61.3.3 IoT Examples of Control Systems
Example 1: Smart Irrigation
Smart Irrigation Comparison:
| Type | Behavior | Problem/Benefit |
|---|---|---|
| OPEN-LOOP (Basic Timer) | Water lawn every day at 6 AM for 30 minutes | Waters even when it rained yesterday! |
| CLOSED-LOOP (Smart) | Moisture Sensor → Controller → Sprinkler Valve → Soil wetter → Feedback | Only waters when soil is actually dry! Saves 30-50% water |
Example 2: Smart HVAC
Smart HVAC Control System:
| Component | Details |
|---|---|
| INPUTS | Temperature, Humidity, Occupancy, Time of day, Energy price |
| PROCESS | HVAC Controller |
| OUTPUT | Comfortable Room! |
| FEEDBACK | Sensors report actual conditions back to controller |
Flow: INPUTS → PROCESS → OUTPUT → FEEDBACK → (back to PROCESS)
In one sentence: Closed-loop control systems that measure output and adjust inputs automatically are the foundation of smart IoT - turning “dumb” timers into intelligent devices that respond to real conditions.
Remember this: If your IoT device just runs a timer without checking actual results, it is open-loop and will fail when conditions change - add a sensor and feedback to make it smart.
61.4 Feedback Control Systems in IoT
⭐⭐ Difficulty: Intermediate
Understanding feedback control systems is essential for IoT device design. Most IoT applications require systems that can automatically maintain desired states without constant human intervention—this is the domain of closed-loop control.

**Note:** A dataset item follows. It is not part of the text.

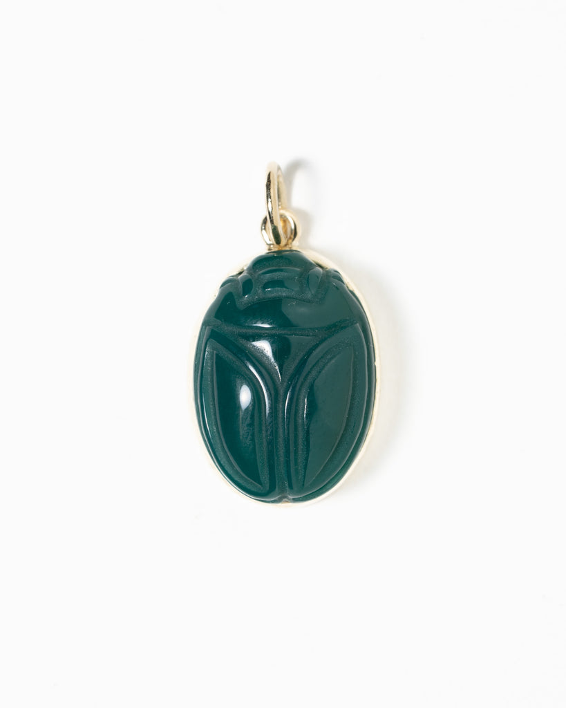 Hanger van 14k geelgoud met een groene scarabee van agaath van 18 x 13 mm.
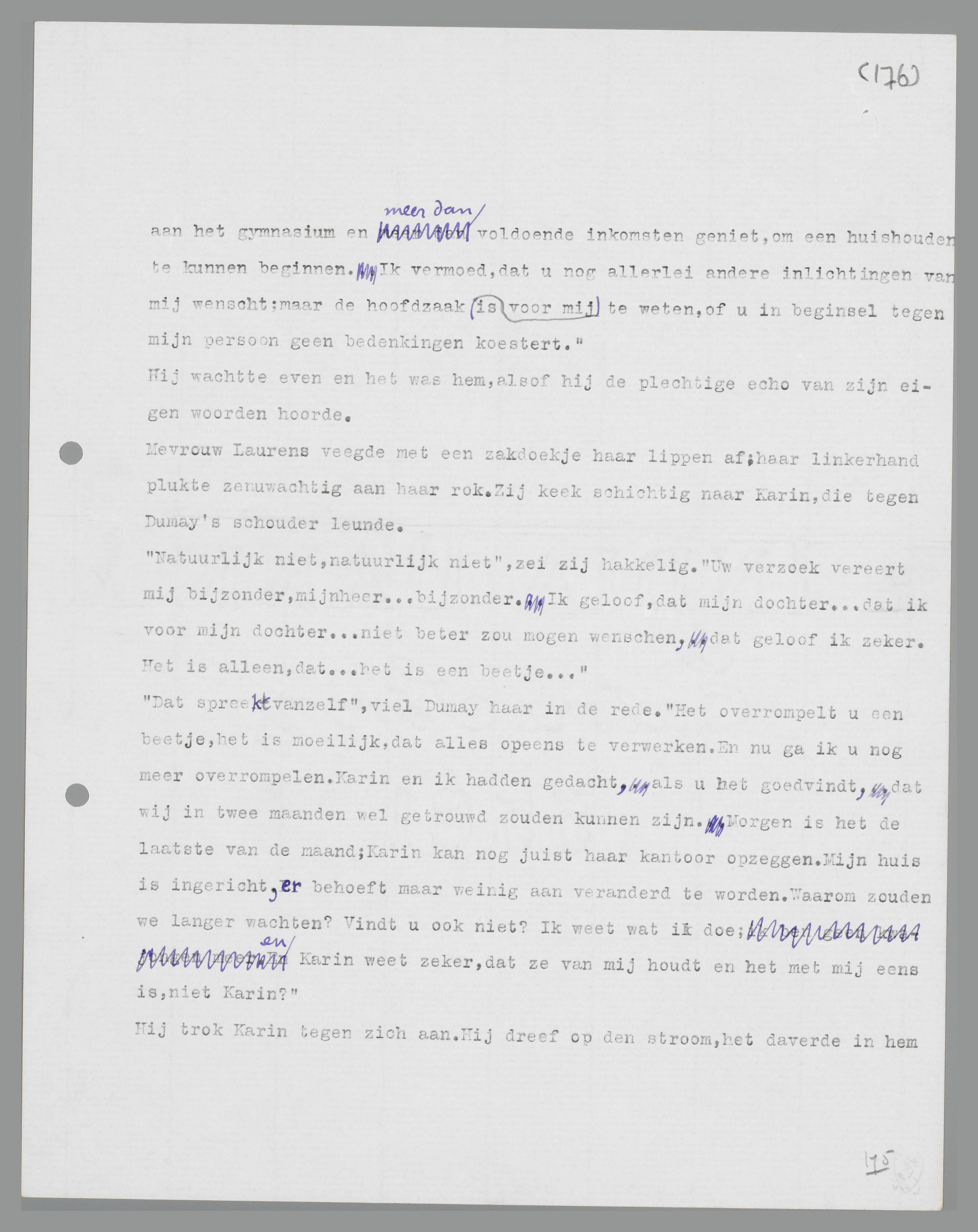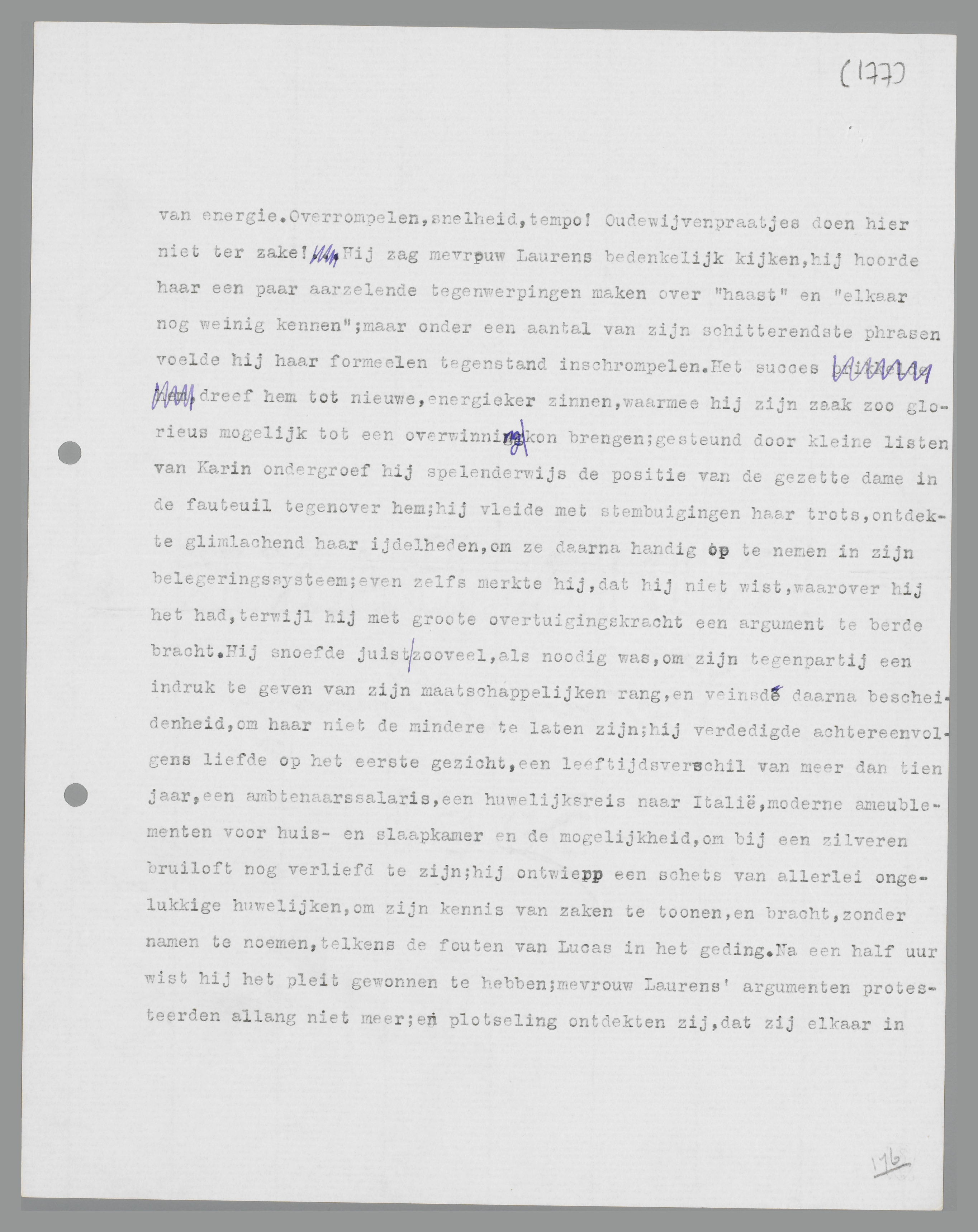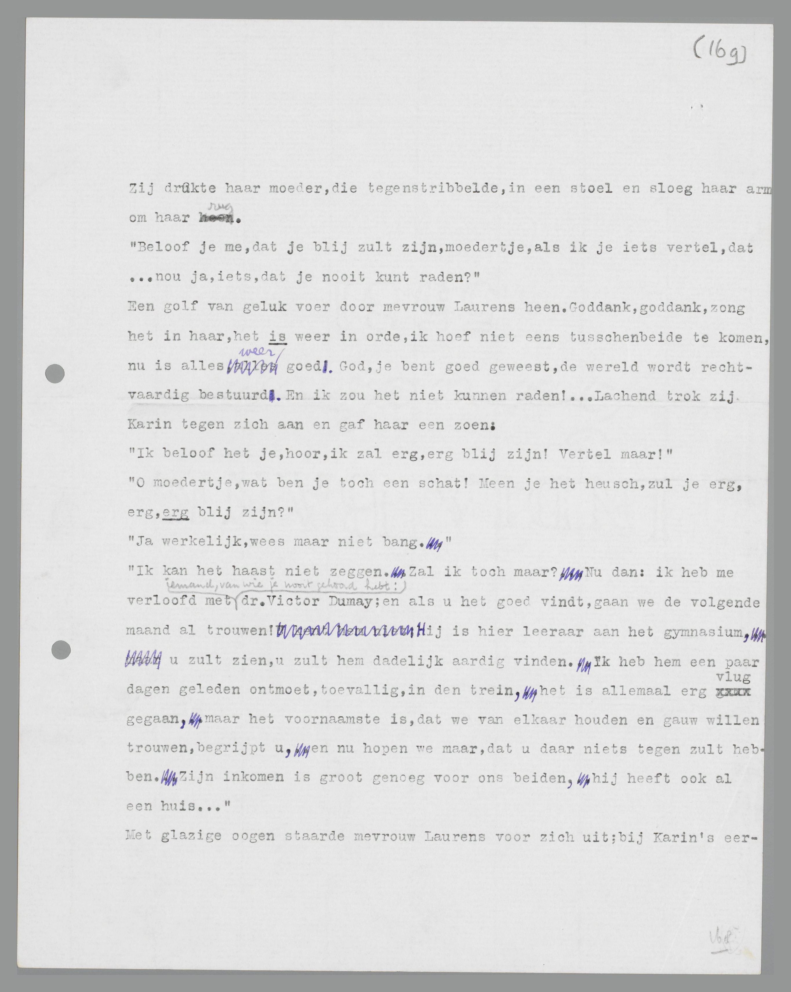 Zorgvuldig inspecteerde mevrouw Laurens haar huiskamer; hier en daar blies zij wat stof weg; dat moest zij altijd doen, als zij een nacht van huis geweest was, want Karin wuifde maar wat met de stofdoek, als zij 's morgens naar kantoor moest. Zo was Karin nu eenmaal, dat had zij misschien van haar vader; die had het er soms ook maar op aan laten komen. ... Mevrouw Laurens blies langs de lijst van het portret van haar man. Maar een goede vader zou hij geweest zijn, met hart voor zijn kind; dat had Nel ook nog gezegd. ... Nel had alles dadelijk begrepen, van Lucas en Karin. ‘Ik heb ook een verloofde dochter,’ had zij gezegd. ‘Zulke dingen komen in orde, als je het een beetje handig aanlegt.’

61.5 Open-Loop vs Closed-Loop Systems
The fundamental distinction in control systems is whether they use feedback to adjust their behavior:
Open-loop control (top) operates without feedback; closed-loop control (bottom) continuously measures output and adjusts to maintain the desired setpoint.
Detailed Comparison:
| Feature | Open-Loop | Closed-Loop |
|---|---|---|
| Feedback | None—operates based on predetermined inputs | Continuous—measures output and adjusts |
| Accuracy | Low—cannot correct for disturbances | High—self-corrects to maintain setpoint |
| Complexity | Simple—fewer components, easier to design | More complex—requires sensors and control logic |
| Cost | Lower—no sensor feedback required | Higher—additional sensors and processing |
| Reliability | Susceptible to drift and external changes | Robust to disturbances and component variations |
| Speed | Can be fast (no feedback delays) | Slower (must wait for feedback measurements) |
| Energy | Less power (no continuous sensing) | More power (continuous sensing and adjustment) |
| IoT Example | Timer-based irrigation (waters for fixed duration) | Soil moisture-based irrigation (waters until target moisture reached) |
| Use Case | Predictable environments, low criticality | Variable environments, high accuracy needs |
Real-World Examples:
Open-loop example (top): Microwave runs for fixed duration regardless of food temperature. Closed-loop example (bottom): Thermostat continuously measures and adjusts to maintain 22°C.
Key Insight: Open-loop systems are predictable but inflexible—they cannot adapt to changing conditions. Closed-loop systems are adaptive but require more resources (sensors, processing, energy).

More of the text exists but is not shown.